Are we ever permitted to rebuke them?
Why, yes. Rebuking though is not the same as not forgiving. A lot of what the prophets did was rebuke those they addressed. Some, like Jeremiah, did so through their tears. Christ rebuked plenty of folks. Rebuking is, or at least can be, a way to call people to repentance by telling them they need to repent.
But when dealing with people who display the fruit of depravity, fruit associated with having been turned over to depraved minds, rebuking them can also serve the purpose about helping to warn others of their spiritual condition. Christ did this when He rebuked pharisees and scribes and in that context warned others about their saying and not doing. We should forgive such persons when they do us wrong, it is true, but that doesn’t translate into continued fellowship with them as if they were Christians.
I believe Paul was clear that when repentance happens, though someone who has the proverbial smell of fire clinging to them, there there should be fellowship.
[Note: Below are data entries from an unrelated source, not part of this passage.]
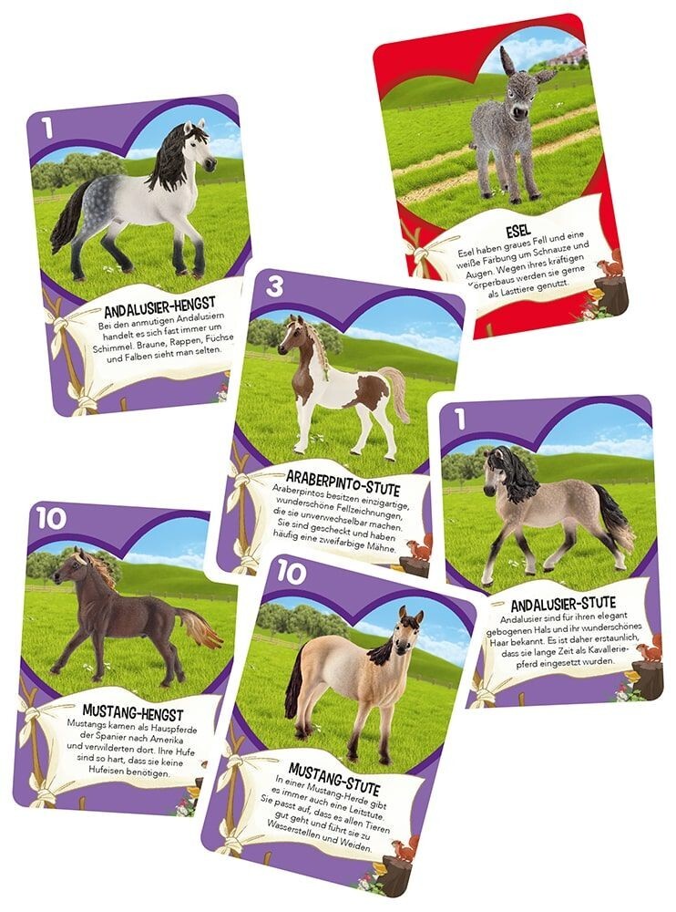 Karten ziehen, Paare finden - Schleich Pferdepaare inkl. Pferdeposter Bei diesem Spiel gilt es die passenden Karten vom Mitspieler zu ziehen und möglichst viele zusammengehörende Paare vor sich abzulegen. Wer hat am Schluss die meisten Pärchen zusammen und wer...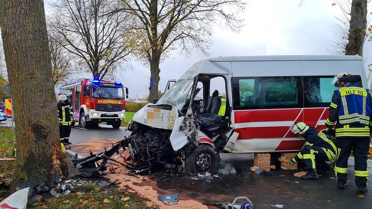 Kleintransporter prallt bei Bad Wünnenberg frontal gegen Baum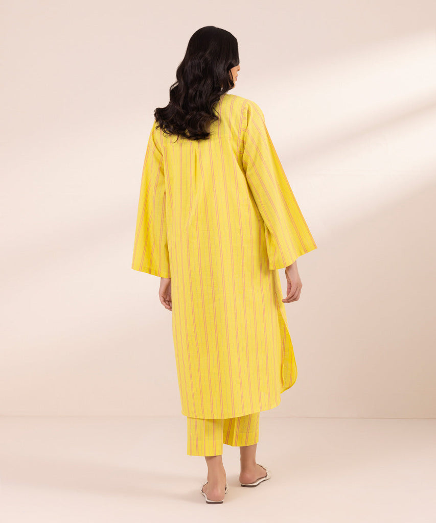 Curate the perfect summer fit with our yellow dyed straight shirt featuring a band neckline with placket.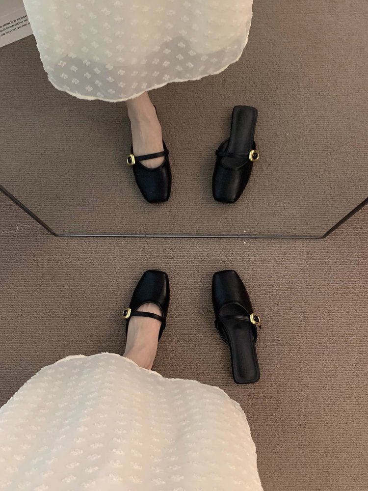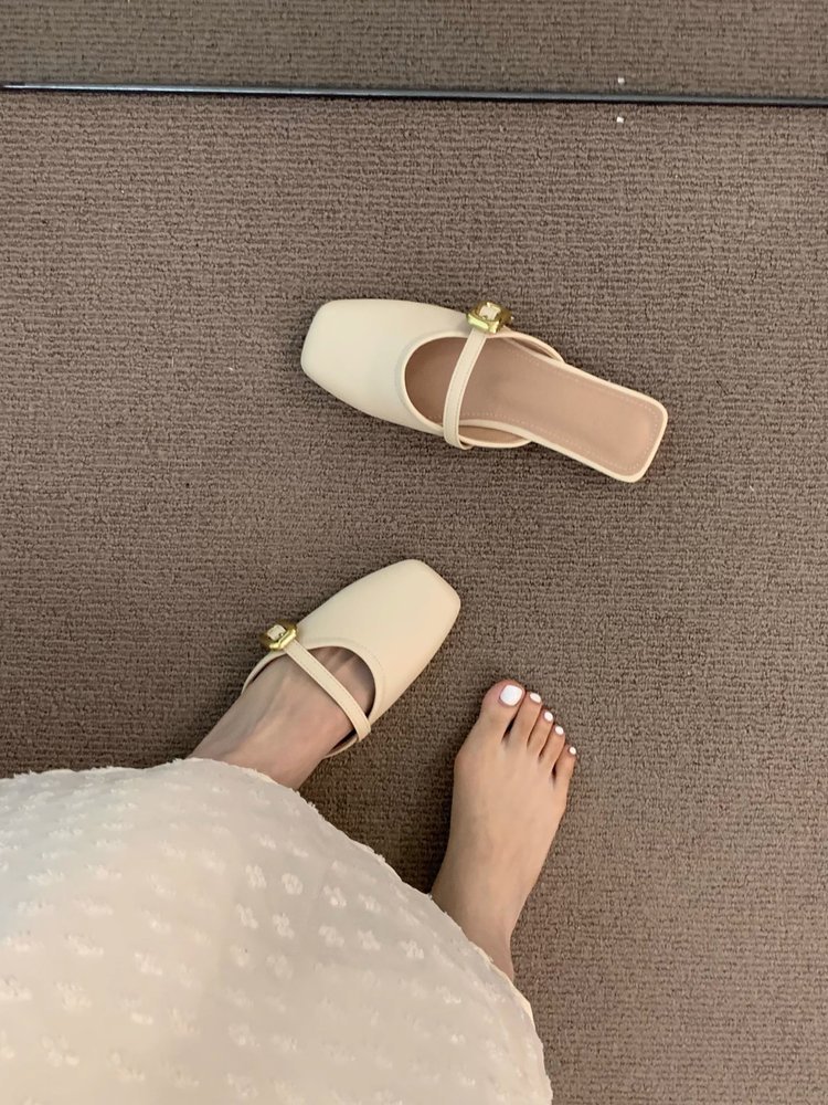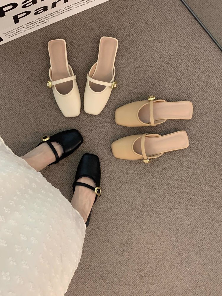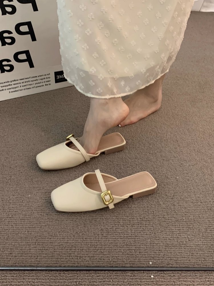 프랑스 스타일 Baotou 하프 슬리퍼 여성 아우터 착용 2025 새로운 도착 얕은 입 올매치 소프트 가죽 뮬러 신발 Mary Jane 신발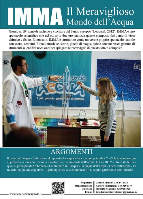 Giunto al 12° anno di repliche e vincitore del bando europeo Leonardo 2012, IMMA è uno spettacolo scientifico che nel corso di due ore analizza questo composto dal punto di vista chimico e fisico. E non solo. IMMA è strutturato come un vero e proprio spettacolo teatrale con scene, costumi, filmati, musiche, storie, giochi di magia, quiz e soprattutto una vasta gamma di strumenti scientifici necessari per spiegare le meraviglie di questo vitale composto.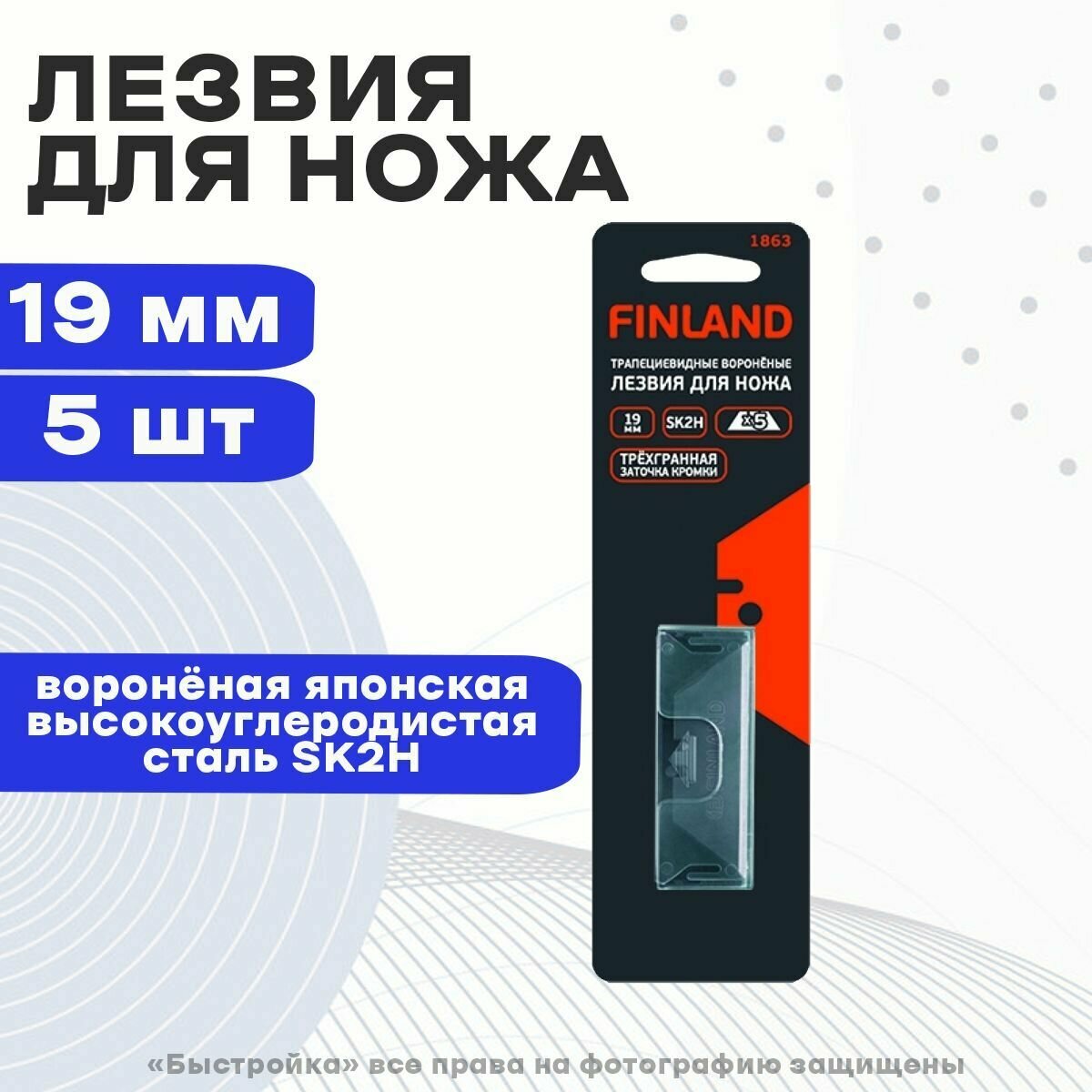 Лезвия для ножа FINLAND 1863, 19 мм трапециевидные вороненые (5 штук) информация: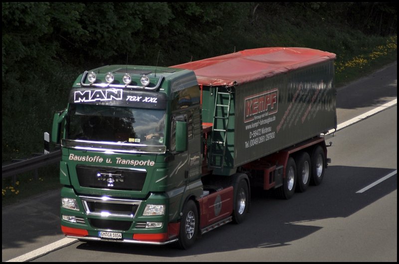 Das richtige Baufahrzeug :-P : MAN TGX 18.540XXL der D&B Transporte aus Marienheide ist mit einem KEMPF Kippsattel bei Lüdenscheid unterwegs. Die Zugmaschine ist ausgestattet mit Lampenbügel, Steinschlagschutz und beleuchteter Unterfahrschutz. (04.05.2009)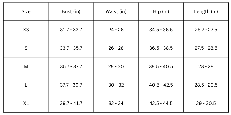 Size Chart (inches):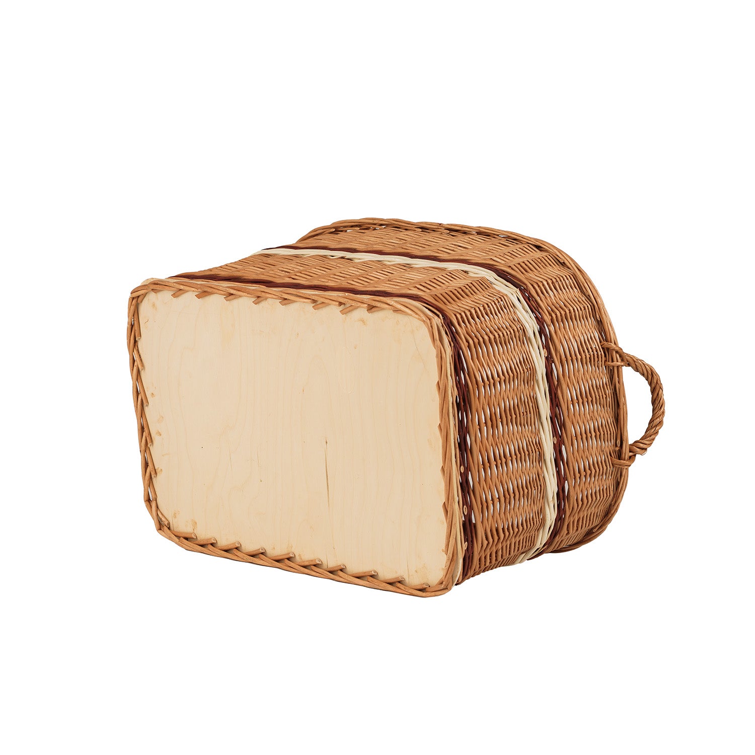 Een rechthoekige mand van volle wilgentenen combineert eenvoud en stevigheid. Hoge, gelijkmatig gevlochten wanden en een stabiele bodem creëren een ruime binnenkant voor haardhout. Twee sterke oogruggrepen, gedraaid van dikke rietstengels, zorgen voor een veilige greep. Decoratieve banden in lichtere en donkerdere tinten benadrukken het ambachtelijke karakter en de gladde rand ziet er mooi uit.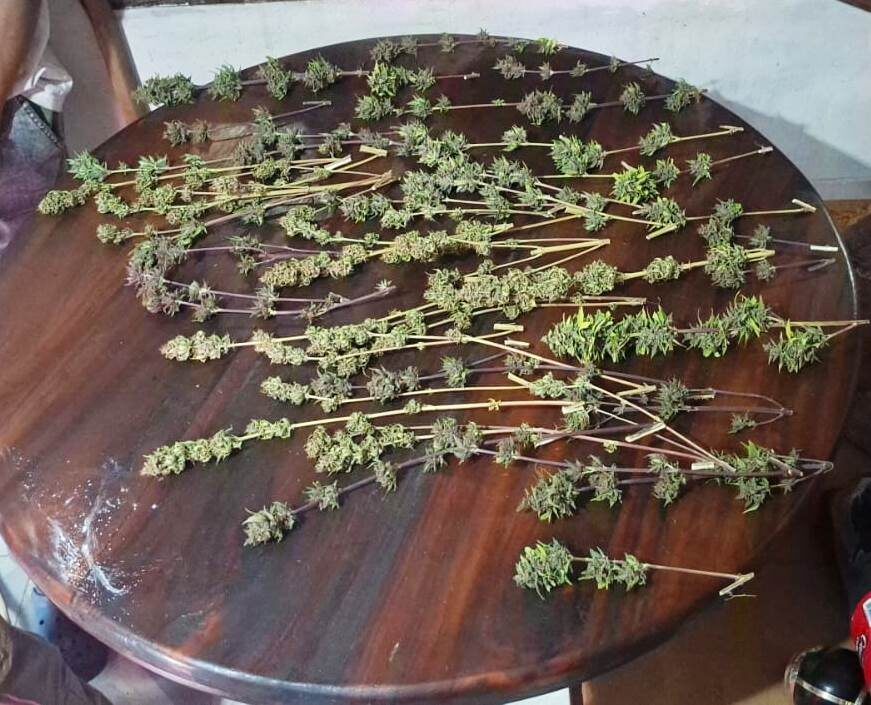 Encontraron plantas, cogollos, frascos con sustancia vegetal disgregada y otros elementos que evidencian la venta de estupefacientes a baja escala. Se contabilizó en total 204 gramos de marihuana entre cogollos y sustancia disgregada.

Even if a fellowship filled with concern for what they may yet be bringing with them from their previous life romping in some burning cesspool of sin.
A big problem, not just with our society but all of them (mileage varies), comes when believers compromise and people are let into fellowship though openly unrepentant. I occasionally paraphrase a classic hymn to speak about these, writing: “Just as I am, I’m changing not. How dare you say my soul has spots! I’m okay with me, and that’s enough. Lamb of God I’ll come, but only as I am.’
Rather than compromise we should call people to their knees, not to their proverbial Lazy-Boy recliners.
As for the laws of a nation, at least these days, they do not try to rebuke folks for their better that way ... probably should since secularism easily enables the worst in men ... but they can still be within the Lords will, even for the death penalty.